#### EXERCISE REQUIREMENTS:
When you copy the material below, keep every line exact and drop the pictures.

#### DATASET EXCERPT:

#####

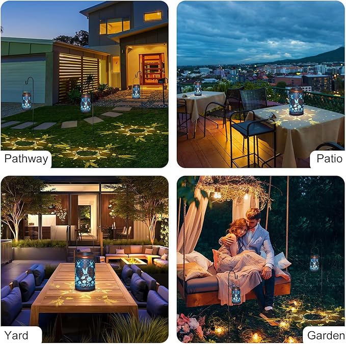 - 【Gorgeous Design】-- The outdoor solar lanterns combine vintage Blue and hummingbird patterns. The decorative lantern emits soft golden light at night and displays dynamic and beautiful patterns on the
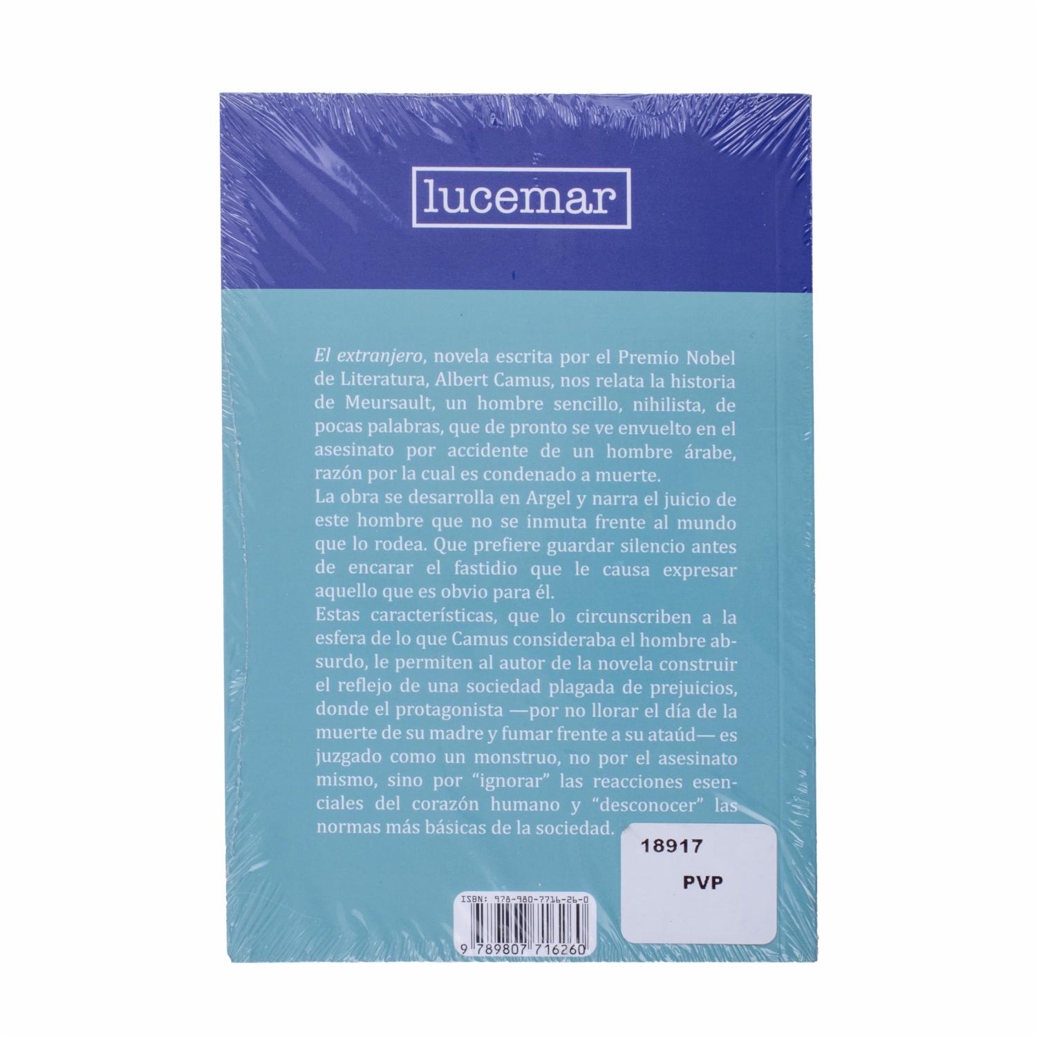 - La novela -lúcida descripción de la carencia de valores del mundo contemporáneo- tiene como referencia omnipresente a Meursault, su protagonista, a quien una serie de circunstancias conduce a cometer un crimen aparentemente inmotivado;,su muerte en el patíbulo no tendrá más sentido que su vida, corroída por la cotidianidad y gobernada por fuerzas anónimas que, al despojar a los hombres de la condición de sujetos autónomos, les eximen también de responsabilidad y de culpa
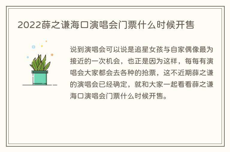 说到演唱会可以说是追星女孩与自家偶像最为接近的一次机会,也正是因为这样,每每有演唱会大家都会去各种的抢票,这不近期薛之谦的演唱会已经确定,就和大家一起看看薛之谦海口演唱会门票什么时候开售。
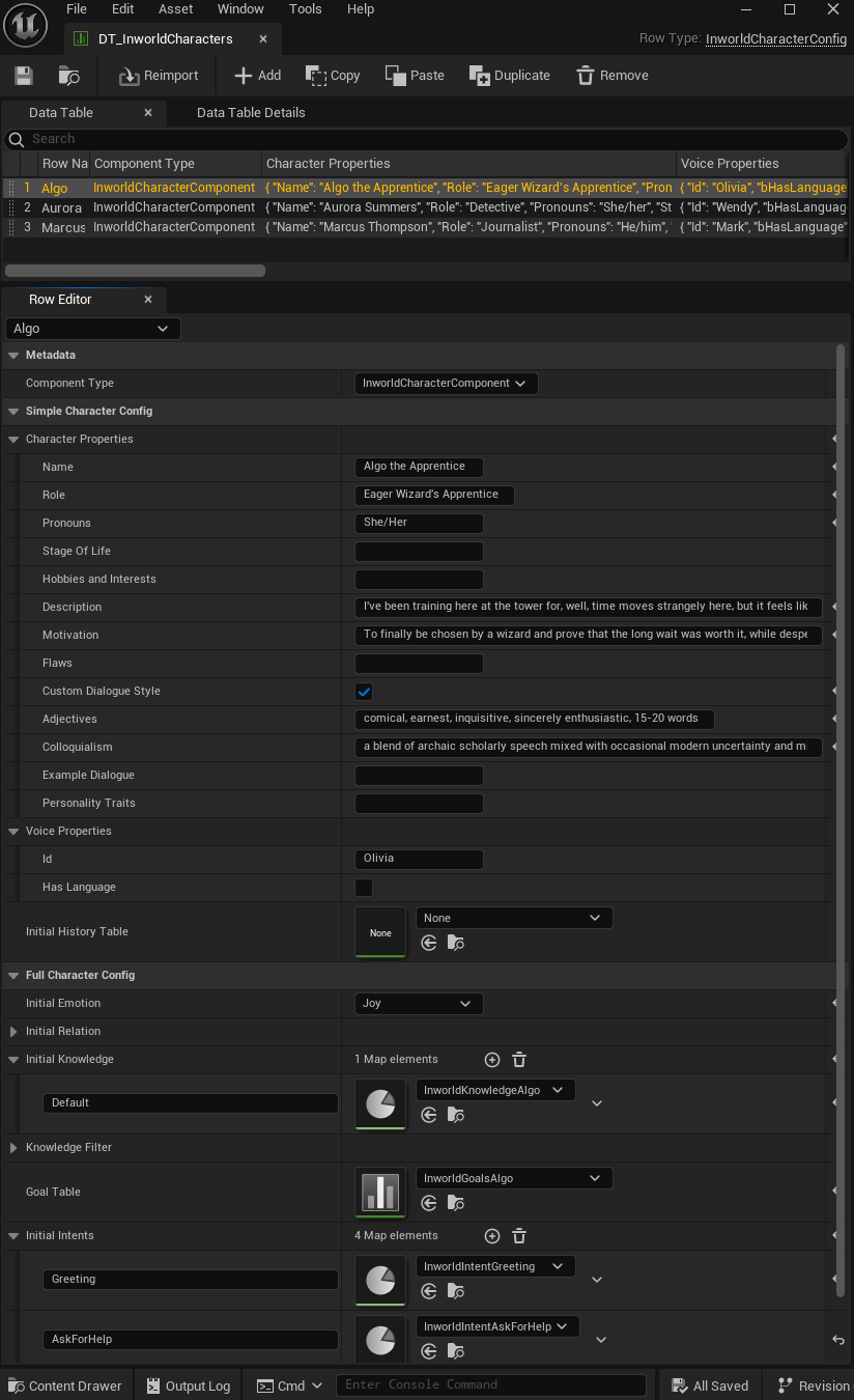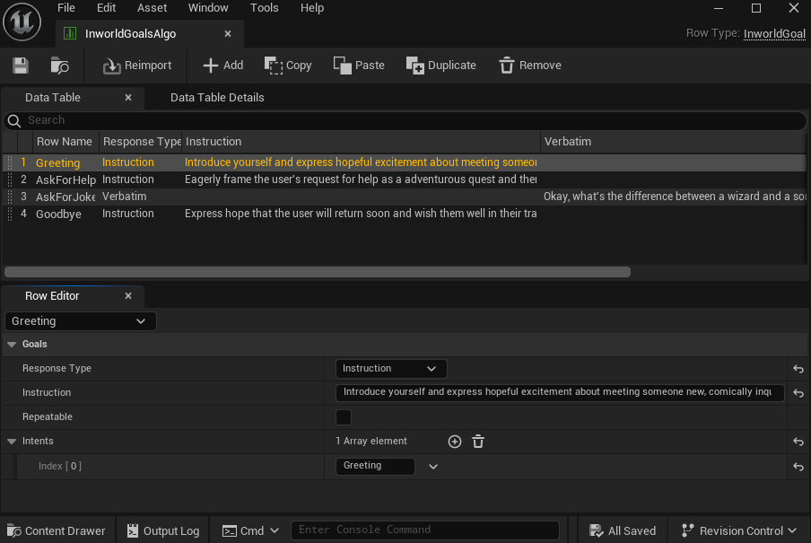Goals allow you to configure predefined character responses and behavior. Intents are sets of phrases used to classify a player’s message intention. Intents can be used to activate goals.

#####

#### TASK RESPONSE:
 - 【Gorgeous Design】-- The outdoor solar lanterns combine vintage Blue and hummingbird patterns. The decorative lantern emits soft golden light at night and displays dynamic and beautiful patterns on the
 - La novela -lúcida descripción de la carencia de valores del mundo contemporáneo- tiene como referencia omnipresente a Meursault, su protagonista, a quien una serie de circunstancias conduce a cometer un crimen aparentemente inmotivado;,su muerte en el patíbulo no tendrá más sentido que su vida, corroída por la cotidianidad y gobernada por fuerzas anónimas que, al despojar a los hombres de la condición de sujetos autónomos, les eximen también de responsabilidad y de culpa
 说到演唱会可以说是追星女孩与自家偶像最为接近的一次机会,也正是因为这样,每每有演唱会大家都会去各种的抢票,这不近期薛之谦的演唱会已经确定,就和大家一起看看薛之谦海口演唱会门票什么时候开售。
Goals allow you to configure predefined character responses and behavior. Intents are sets of phrases used to classify a player’s message intention. Intents can be used to activate goals.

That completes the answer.